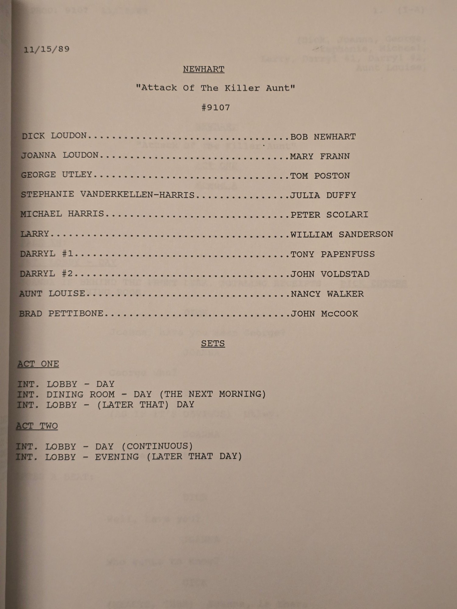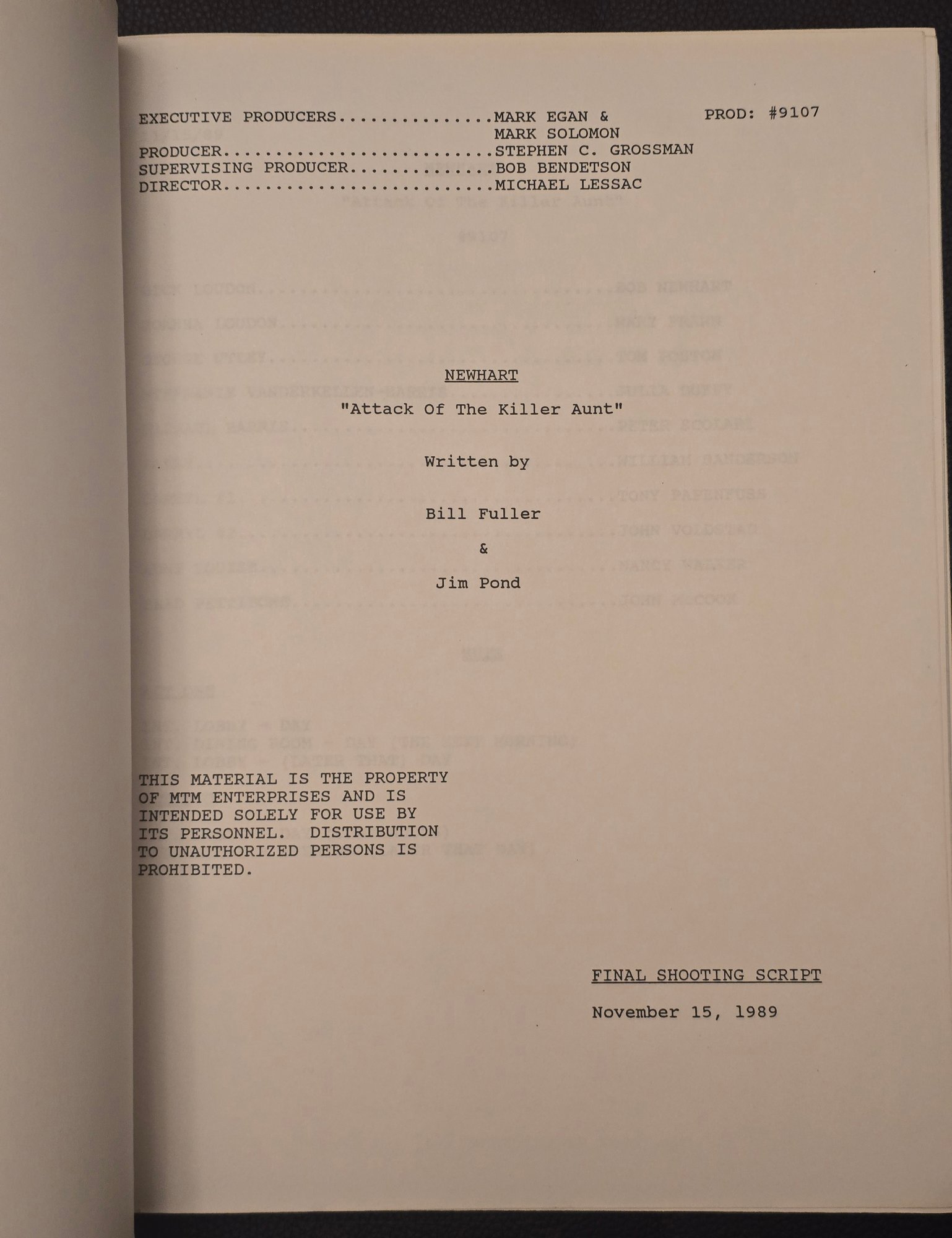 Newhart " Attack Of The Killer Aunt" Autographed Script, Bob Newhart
================================
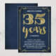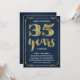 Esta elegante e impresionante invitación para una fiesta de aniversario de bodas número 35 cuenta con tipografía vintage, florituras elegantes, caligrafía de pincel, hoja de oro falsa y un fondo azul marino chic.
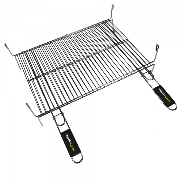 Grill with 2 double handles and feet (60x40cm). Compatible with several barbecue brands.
================================
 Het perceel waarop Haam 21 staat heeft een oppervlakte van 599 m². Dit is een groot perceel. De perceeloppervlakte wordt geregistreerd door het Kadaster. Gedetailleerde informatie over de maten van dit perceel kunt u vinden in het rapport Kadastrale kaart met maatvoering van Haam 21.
================================
• Problem to solve
Start at the line above containing "Esta elegante e" and stop at the line containing "Grill with 2": print those lines and everything between them exactly, but not the pictures.

• Result of the exercise
 Esta elegante e impresionante invitación para una fiesta de aniversario de bodas número 35 cuenta con tipografía vintage, florituras elegantes, caligrafía de pincel, hoja de oro falsa y un fondo azul marino chic.
 Grill with 2 double handles and feet (60x40cm). Compatible with several barbecue brands.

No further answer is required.